A mixture of (S) -2- (3- (benzyloxy) -4- (difluoromethoxy) phenyl) -5- (1- ( (tert-butoxy carbonyl) amino) ethyl) oxazole-4-carboxylic acid (300 mg, 0.595 mmol) , EDCI (171 mg, 0.892 mmol) and HOAT (121 mg, 0.892 mmol) in DCM (20 mL) was stirred at rt for 30 min, and piperazine-1-carboxamide hydrochloride (200 mg, 0.892 mmol) was added, and then DIPEA (1.5 mL, 9.52 mmol) was added dropwise at 0 . After the addition, the mixture was stirred at rt for 10 h and washed with water (25 mL × 3) . The organic layer was dried over anhydrous Na2SO4 and concentrated.

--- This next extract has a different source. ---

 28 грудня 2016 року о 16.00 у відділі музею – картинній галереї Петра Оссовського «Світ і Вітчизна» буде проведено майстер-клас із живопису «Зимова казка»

The residue was purified by silica gel chromatography eluted with Petroleum ether/EtOAc (v/v) 1/1 to give the title compound as a white solid (176 mg, 48) .1H NMR (400 MHz, CDCl3) : delta ppm 7.66 (d, J 2.0 Hz, 1H) , 7.61 (d, J1 8.4 Hz, J2 2.0 Hz, 1H) , 7.36-7.50 (m, 5H) , 7.29 (d, J 8.4 Hz, 1H) , 6.66 (t, JF-H 74.4 Hz, 1H) , 5.25-5.28 (m, 1H) , 5.25 (s, 2H) , 4.56 (s, 2H) , 3.83-4.00 (m, 4H) , 3.53-3.55 (m, 4H) , 1.57 (d, J 6.8 Hz, 3H) , 1.44 (s, 9H) and MS-ESI: m/z 616.30 [M+H] +.

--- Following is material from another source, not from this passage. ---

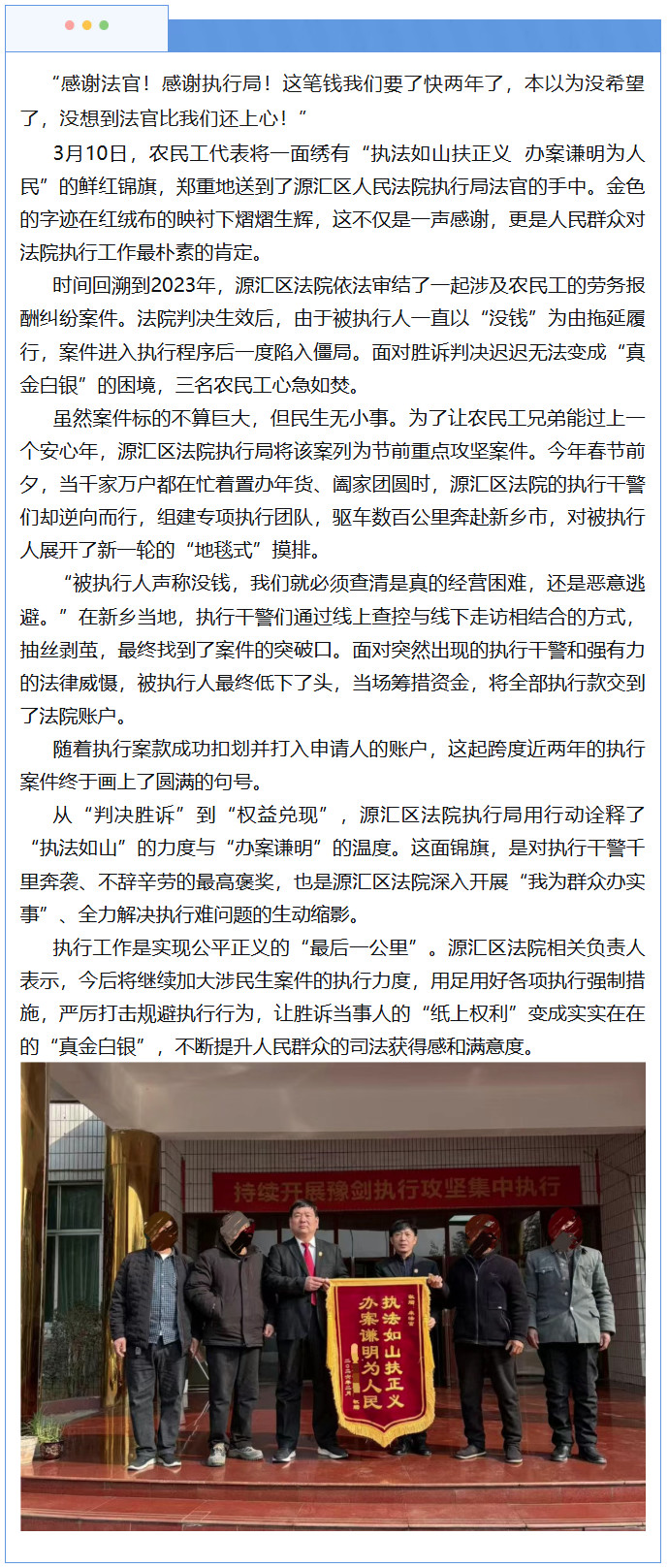 源汇区法院“如我在诉”执行解“薪”愁

The synthetic route of 474711-89-2 has been constantly updated, and we look forward to future research findings.

Reference：
Patent; SUNSHINE LAKE PHARMA CO., LTD.; ZHANG, Yingjun; LIU, Bing; YU, Tianzhu; ZHANG, Xiangyu; ZHANG, Shiguo; ZHANG, Jiancun; CHENG, Changchung; (426 pag.)WO2016/34134; (2016); A1;,
Piperazine – Wikipedia
Piperazines – an overview | ScienceDirect Topics

With the rapid development and complex challenges of chemical substances, new drug synthesis pathways are usually the most effective.474711-89-2,Piperazine-1-carboxamide hydrochloride,as a common compound, the synthetic route is as follows.,474711-89-2

A mixture of (S) -2- (3- (benzyloxy) -4- (difluoromethoxy) phenyl) -5- (1- ( (tert-butoxy carbonyl) amino) ethyl) oxazole-4-carboxylic acid (300 mg, 0.595 mmol) , EDCI (171 mg, 0.892 mmol) and HOAT (121 mg, 0.892 mmol) in DCM (20 mL) was stirred at rt for 30 min, and piperazine-1-carboxamide hydrochloride (200 mg, 0.892 mmol) was added, and then DIPEA (1.5 mL, 9.52 mmol) was added dropwise at 0 . After the addition, the mixture was stirred at rt for 10 h and washed with water (25 mL × 3) . The organic layer was dried over anhydrous Na2SO4 and concentrated. The residue was purified by silica gel chromatography eluted with Petroleum ether/EtOAc (v/v) 1/1 to give the title compound as a white solid (176 mg, 48) .1H NMR (400 MHz, CDCl3) : delta ppm 7.66 (d, J 2.0 Hz, 1H) , 7.61 (d, J1 8.4 Hz, J2 2.0 Hz, 1H) , 7.36-7.50 (m, 5H) , 7.29 (d, J 8.4 Hz, 1H) , 6.66 (t, JF-H 74.4 Hz, 1H) , 5.25-5.28 (m, 1H) , 5.25 (s, 2H) , 4.56 (s, 2H) , 3.83-4.00 (m, 4H) , 3.53-3.55 (m, 4H) , 1.57 (d, J 6.8 Hz, 3H) , 1.44 (s, 9H) and MS-ESI: m/z 616.30 [M+H] +.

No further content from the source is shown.